*** DATA EXTRACT Section Begins ***

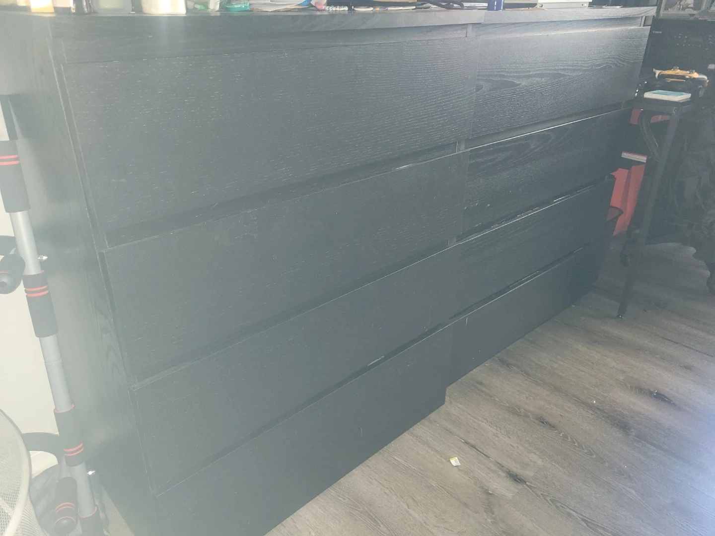 This is a black dresser with two sets of four drawers. Its wood grain finish adds a touch of style. It's a practical storage solution for any room.
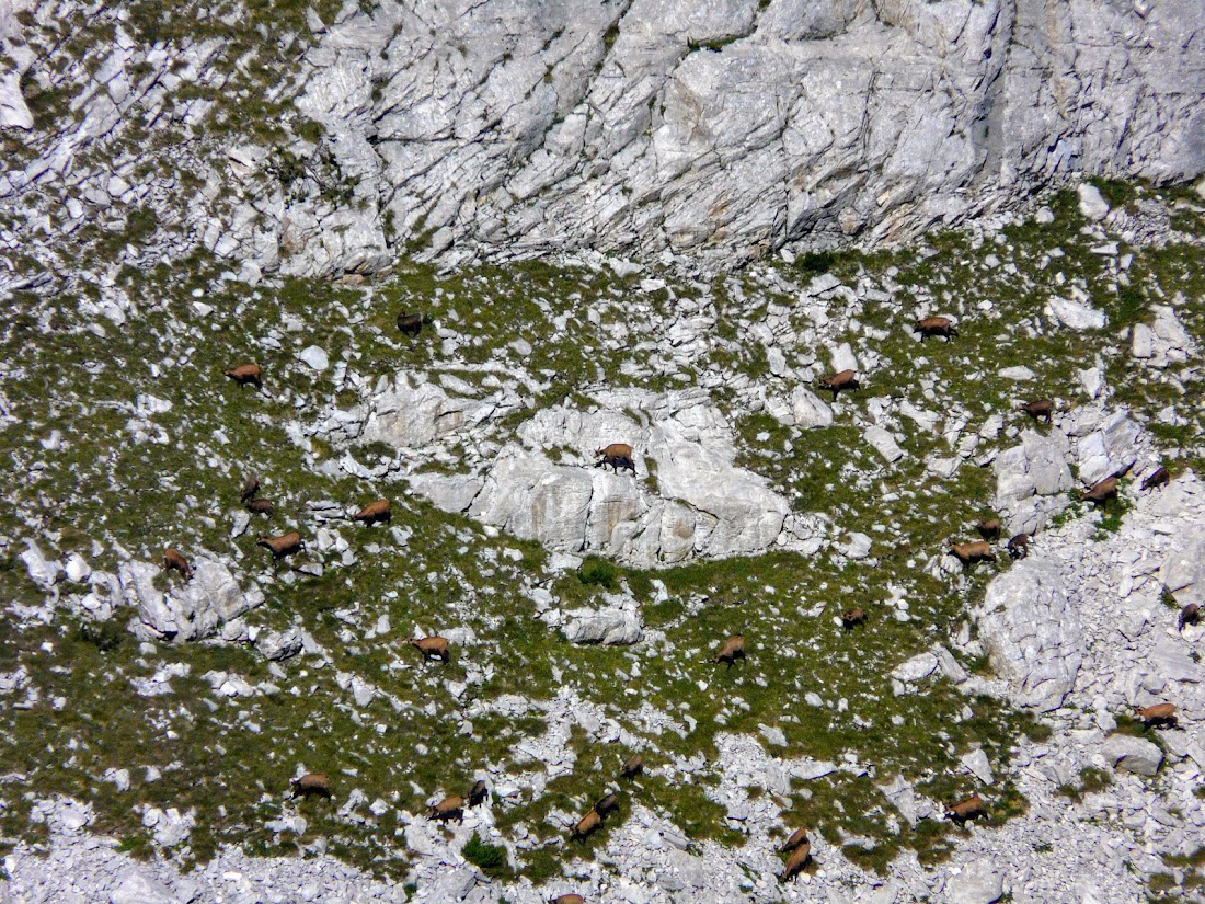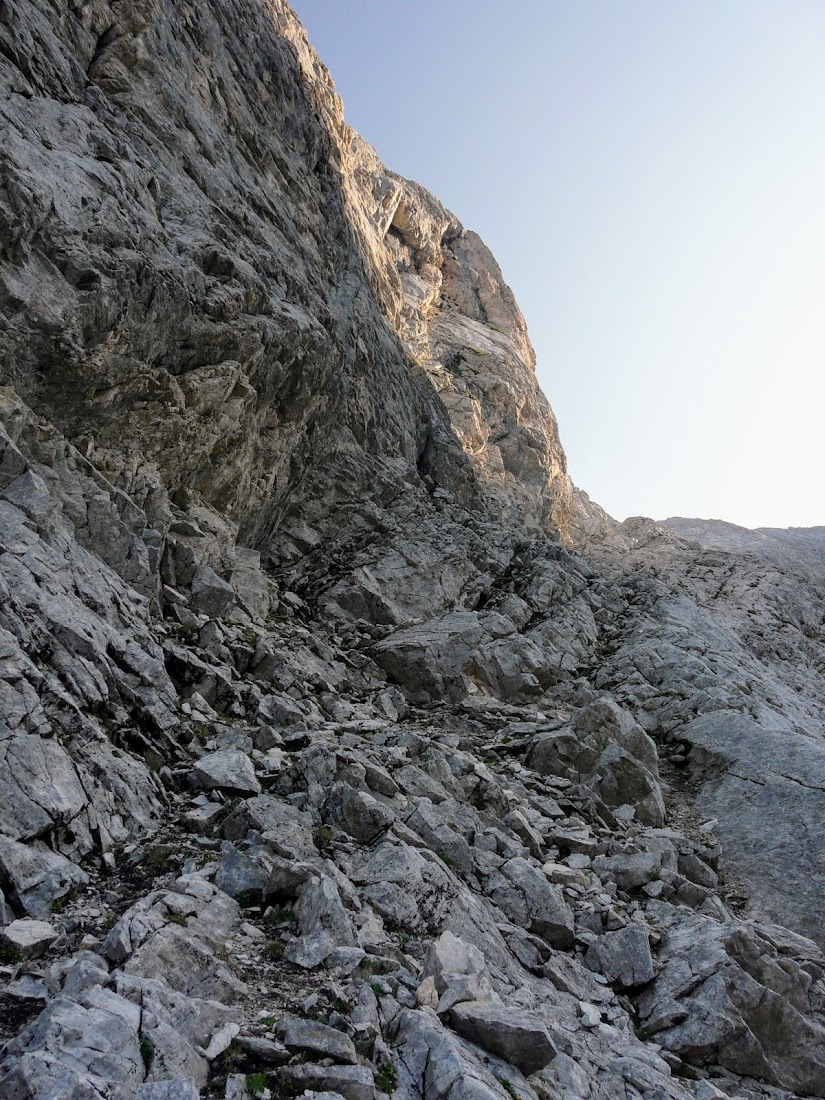 Този път решавам, за разлика от преди месец, да следвам друго, по-високо разклонение на козята пътека. То забива в много стръмният ръб на Източната стража. През един ситен и лесен за преминаване клек, който тук даже помага да се задържаш на големият наклон, пътечката на козите е незабележима, по средата на фотката:
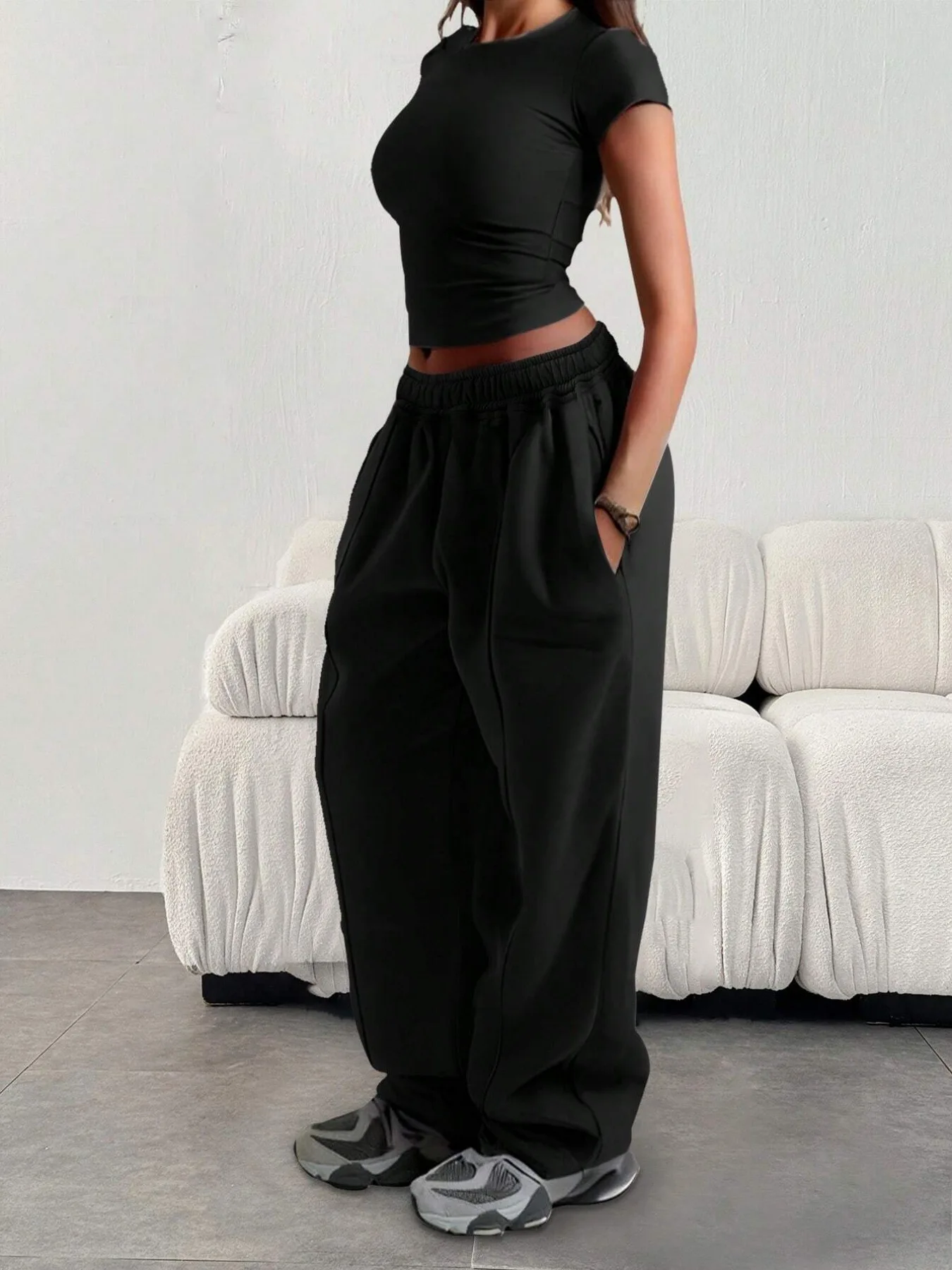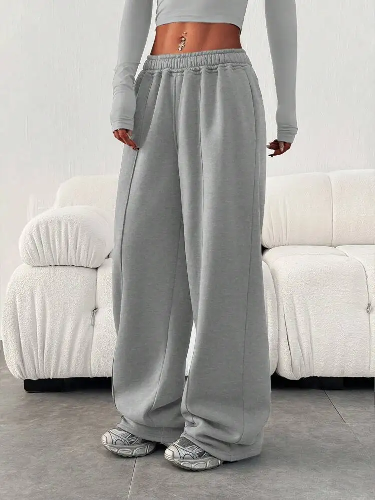 2026 New Spring Women's High Waist Wide Leg Pants Regular Fit Solid Color Pants Oversized Wide Leg Jogger With Cotton Fleece
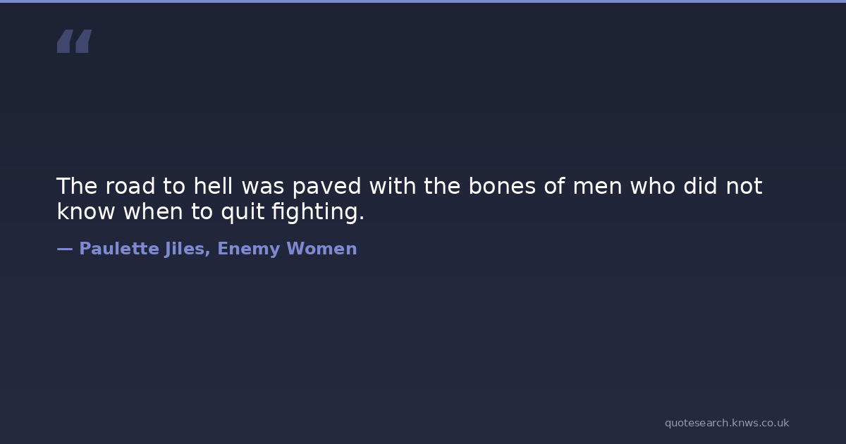 The road to hell was paved with the bones of men who did not know when to quit fighting.
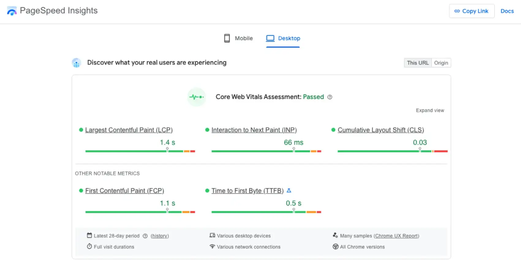 To avoid this outcome, the best tool you can use is Google’s PageSpeed Insights. It’s free, highly informative, and provides actionable tips on high-value activities that can improve web performance.
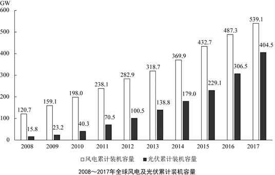 從主要清潔能源類型看,2017年全球?qū)︼L(fēng)能的投資為1070億美元,風(fēng)電新增裝機(jī)容量52.5GW,同比下降3.8%;累計(jì)裝機(jī)容量達(dá)到539.1GW,同比增長11%。2017年全球?qū)夥耐顿Y為1608億美元,同比增長18%;光伏新增裝機(jī)容量99.1GW,同比增長29%;累計(jì)裝機(jī)容量達(dá)到404.5GW。其中,亞太地區(qū)新增裝機(jī)容量73.7GW,累計(jì)裝機(jī)容量221.3GW。(累計(jì)裝機(jī)容量不含報(bào)廢機(jī)器的裝機(jī)容量)
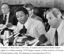 1978 - Jesse J. McCrary, Jr. was sworn in as Florida’s Secretary of State on this date, the first African American to occupy that post since Reconstruction. McCrary was born in Blitchton, Marion County in 1937 and graduated from Florida A&M with his Juris Doctor in 1965. He worked as Florida’s assistant Attorney General and in 1970 became the first black lawyer from a southern state to argue a case in front of the U.S. Supreme Court. From his time at FAMU to his final years living in Miami, McCrary was an advocate for civil rights in Florida.
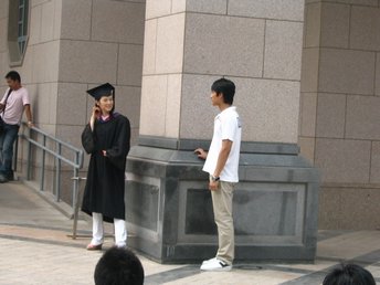 另一幕开始了。场景移在纪念堂的转角处。男女主角登场,女主角身着学士服,花一样的脸庞,长发,长腿,男主角白T恤,土色裤,球鞋。从造形上看,一个是城市女生,一个是农家学生。男生在反光板和摄影灯围着的过道里,迎着摄像机大步走去,女生快步赶了上来,喊着名子,说着什么,如此情景,在停和开始声中,足足走了七八次,方听导演喊了声过。
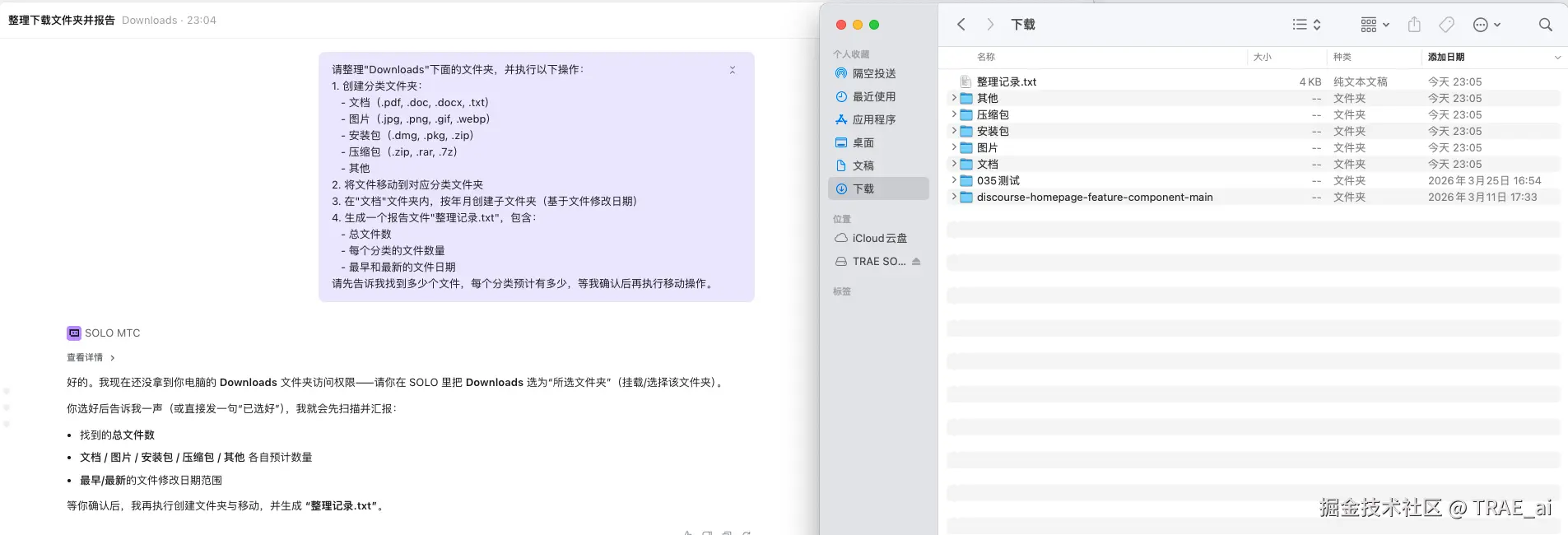 本次展示如何整理电脑端文件的场景,你也可以发散思维,让 SOLO 帮你批量处理文件(例如修改、文件命名、合并文件字段等等)
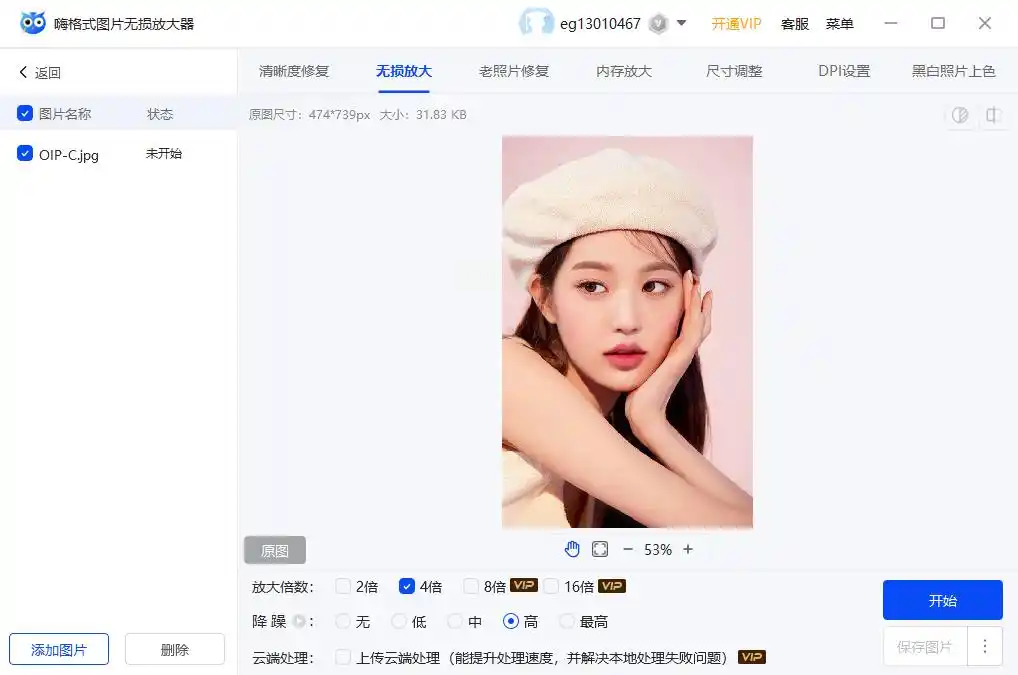 3. 点击"开始处理",等待约1分钟即可下载高清图
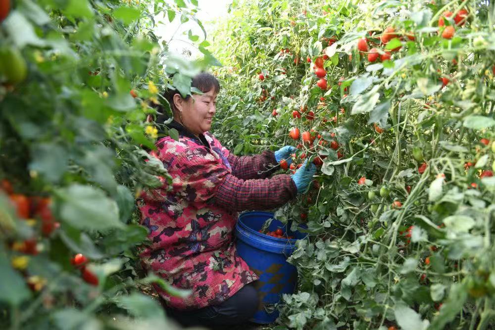 阜城縣阜城鎮張常巷村,村民在分揀櫻桃西紅柿。新華社發(崔賢飛 攝)
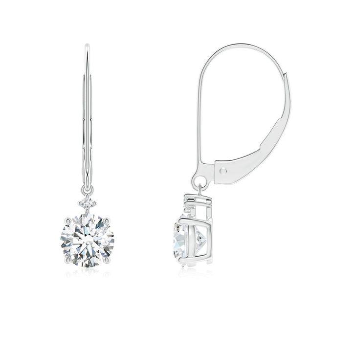 These Prong-Set Round Lab-Grown Diamond Leverback Dangle Earrings by Angara sparkle with round lab-grown diamonds in classic prong settings. Mounted on 14k white gold with secure leverback closures, these earrings offer refined brilliance and everyday elegance.
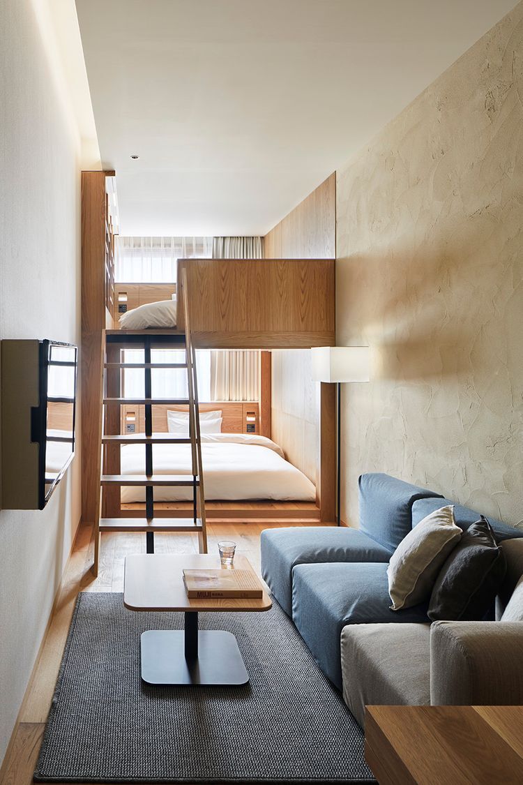 이어서 가족 단위에 적합한 TYPE G는 2층 침대가 있는 객실로, 최대 3명까지 숙박이 가능합니다. (3인이 숙박하는 경우 추가 요금 5,000엔. 1박 숙박비는 29,000엔 (1실)). 벽면에 있는 책장에는 '화조풍월'을 테마로 고른 서적들이 진열되어 있습니다.
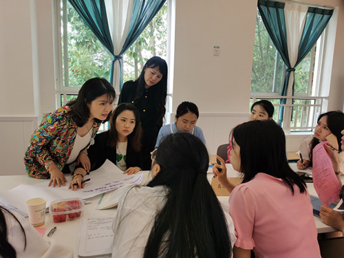 接下来,导师叶美蓉针对游戏的本质和建构游戏与课程的关系提出教师要明确游戏中自己的定位,分析孩子的现有发展水平以及教师在评价中的引导和支持,并用游戏中教师的引导行为引发学员们的思考。同时,也对本次研讨活动给予高度的赞扬,肯定学员老师们学习意识在增强、实践能力在提升、质疑精神在提高。最后,研陪中心高永琼老师对本次名园长工作室送交下乡活动进行了点评,充分肯定了本次送教活动是“基于真需求,发现真问题,开展真研究、取得真效果”的教研。
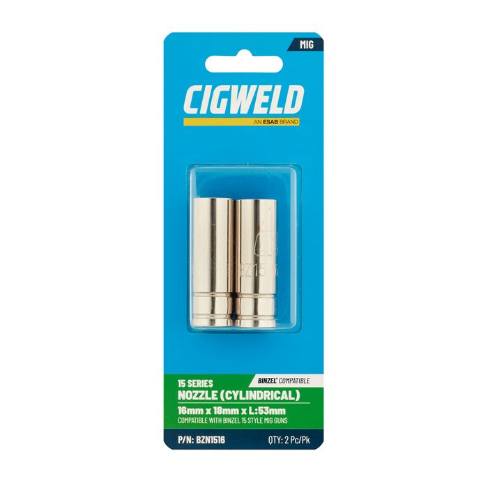 CIGWELD BINZEL 15 SERIES NOZZLE (CYLINDRICAL) 16MM X 18MM X L:53MM 2PK
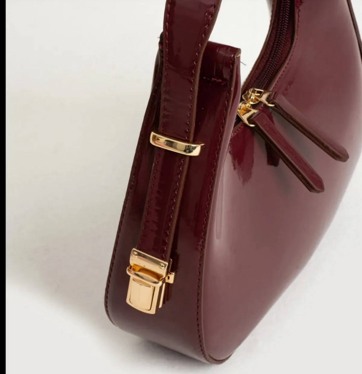 بتصميم انيق وراقٍ من الجلد الامع بتفاصيل اغلاق سحاب والمعدن الذهبي
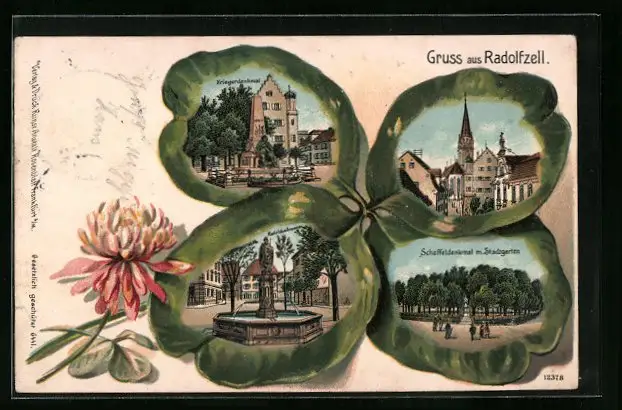 Passepartout-Lithographie Radolfzell, Ortsansichten mit Kleeblatt-Motiv
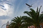 - Seagull in the blue sky flies to Sydney Luna Park
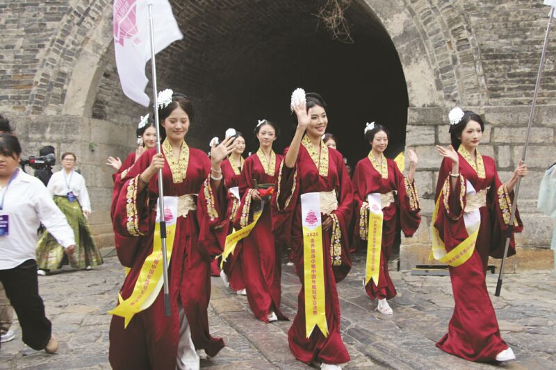 古城因美麗而靈動,美麗因古城而厚重。9月20日,2025世界旅游小姐中國年度冠軍總決賽入城儀式在壽州古城賓陽門隆重舉行。86名佳麗身著戰國袍,在現場燃放的絢麗彩煙中,從古城賓陽門入城,登上古城墻,用青春的腳步丈量歷史,用燦爛的笑容為壽州古城旅游代言。當天,佳麗們還在“向世界推廣壽縣”代言板上鄭重簽名,通過她們的美麗身影,讓更多的人了解壽縣、走進壽縣、愛上壽縣。應邀參加入城儀式的國家文化旅游部原綜合司司長、2025世界旅游小姐中國區總決賽評審委員會主任鄧宗德說:“2025世界旅游小姐中國年度冠軍總決賽入城儀式在壽州古城舉辦,使大家感受到歷史帶來的古風古韻,時尚氣息與古樸典雅相得益彰。文化是旅游的靈魂,旅游是文化的載體與延伸。相信通過此次賽事,淮南壽縣將會迎來文旅發展的新篇章,成為可記錄、可停留、可欣賞、可回味的優秀旅游目的地。”

*** DATA EXTRACT Section Ends ***

> PROBLEM STATEMENT
Give again exactly the lines from the one holding "Passepartout-Lithographie Radolfzell, Ortsansichten" to the final line of the records, both ends included; any pictures stay out.

> WRITTEN ANSWER
 Passepartout-Lithographie Radolfzell, Ortsansichten mit Kleeblatt-Motiv
 - Seagull in the blue sky flies to Sydney Luna Park
 古城因美麗而靈動,美麗因古城而厚重。9月20日,2025世界旅游小姐中國年度冠軍總決賽入城儀式在壽州古城賓陽門隆重舉行。86名佳麗身著戰國袍,在現場燃放的絢麗彩煙中,從古城賓陽門入城,登上古城墻,用青春的腳步丈量歷史,用燦爛的笑容為壽州古城旅游代言。當天,佳麗們還在“向世界推廣壽縣”代言板上鄭重簽名,通過她們的美麗身影,讓更多的人了解壽縣、走進壽縣、愛上壽縣。應邀參加入城儀式的國家文化旅游部原綜合司司長、2025世界旅游小姐中國區總決賽評審委員會主任鄧宗德說:“2025世界旅游小姐中國年度冠軍總決賽入城儀式在壽州古城舉辦,使大家感受到歷史帶來的古風古韻,時尚氣息與古樸典雅相得益彰。文化是旅游的靈魂,旅游是文化的載體與延伸。相信通過此次賽事,淮南壽縣將會迎來文旅發展的新篇章,成為可記錄、可停留、可欣賞、可回味的優秀旅游目的地。”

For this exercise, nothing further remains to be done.